As seen in Figure 1, the output power of the PV array has a strong randomness and volatility, which is easy to mask other loads. In order to reduce the difficulty of load identification, the PV power data are classified according to the weather. According to the cloud coverage level, the weather is classified into four categories—clear, less cloudy, mostly cloudy, and rainy [18]. Since the number of clusters is known, the K-means clustering algorithm is used in this paper to cluster the PV data from neighboring sites; the PV power curves under the four categories of typical weather are shown in Figure 2.

After clustering the historical power of the PV proxy site, the historical PV data of the user to be disaggregated are estimated using Equation (12), which constitutes the training dataset together with the historical load data.

3. SHMM-Based Non-Intrusive Load Decomposition Considers Photovoltaics

3.1. HMM Simplified Model

The HMM is a statistical model for signal processing that is often used to represent the relationship between the observation sequence and the hidden sequence. The structure of the HMM is shown in Figure 3. The model can be represented by a quintuple—

λ = {H S, O, π, A, B}

, where HS is the set of hidden states, i.e., the loading state to be solved; O is the observation state corresponding to the hidden state, i.e., the total power;

π

is an initial probability distribution, which denotes the initial probability of being in each hidden state; A is the state transfer probability distribution, whose element aij denotes the probability that hidden state i transfers to hidden state j; and B is the observation probability distribution, whose element b_oj denotes the probability that the observation value is o when the hidden state is j.

The HMM satisfies the chi-squared Markovianity assumption, i.e., the transfer probability of the whole process is certain. However, in real situations, the state transitions of loads throughout the day have time-varying characteristics. A constant state transfer probability cannot accurately describe the changes in users’ energy use behavior. Moreover, the identification result of the model moment t depends on the state at the moment t − 1. When the state at the moment t − 1 is calculated incorrectly, it will have a great impact on the calculation result at the current moment. In particular, with the interference of rooftop PV, it is easy to affect the subsequent decomposition results.

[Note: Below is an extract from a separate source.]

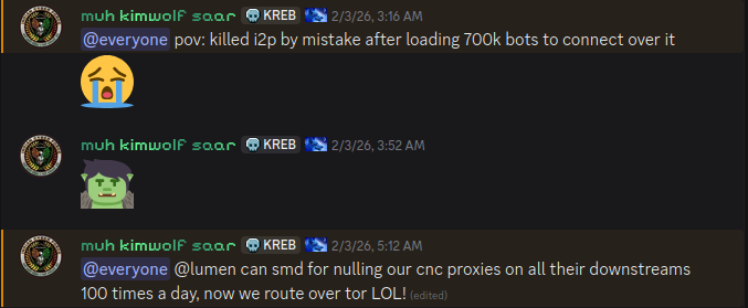 For the past week, the massive “Internet of Things” (IoT) botnet known as Kimwolf has been disrupting The Invisible Internet Project (I2P), a decentralized, encrypted communications network designed to anonymize and secure online communications. I2P users started reporting disruptions in the network around the same time the Kimwolf botmasters began relying on it to evade takedown attempts against the botnet’s control servers.

In order to avoid the impact of the decomposition result of the previous moment on the current moment and to improve the computational efficiency, the following occurred: (1) The SHMM is obtained without considering the state transfer matrix A. (2) In order to reflect the time-varying characteristics of the PV and the load, one day is divided into a number of time periods, as shown in Figure 4. From 01:00 to 05:00, the load effectively belongs to the state of shutdown or the constant operation state; from 05:00 to 19:00, PVs are in the power generation stage. In order to limit the PV fluctuation to a smaller range, it is divided into a segment of every two hours. From 15:00 to 01:00 of the next day is the peak period of electricity consumption, which is also observed in segments of two hours.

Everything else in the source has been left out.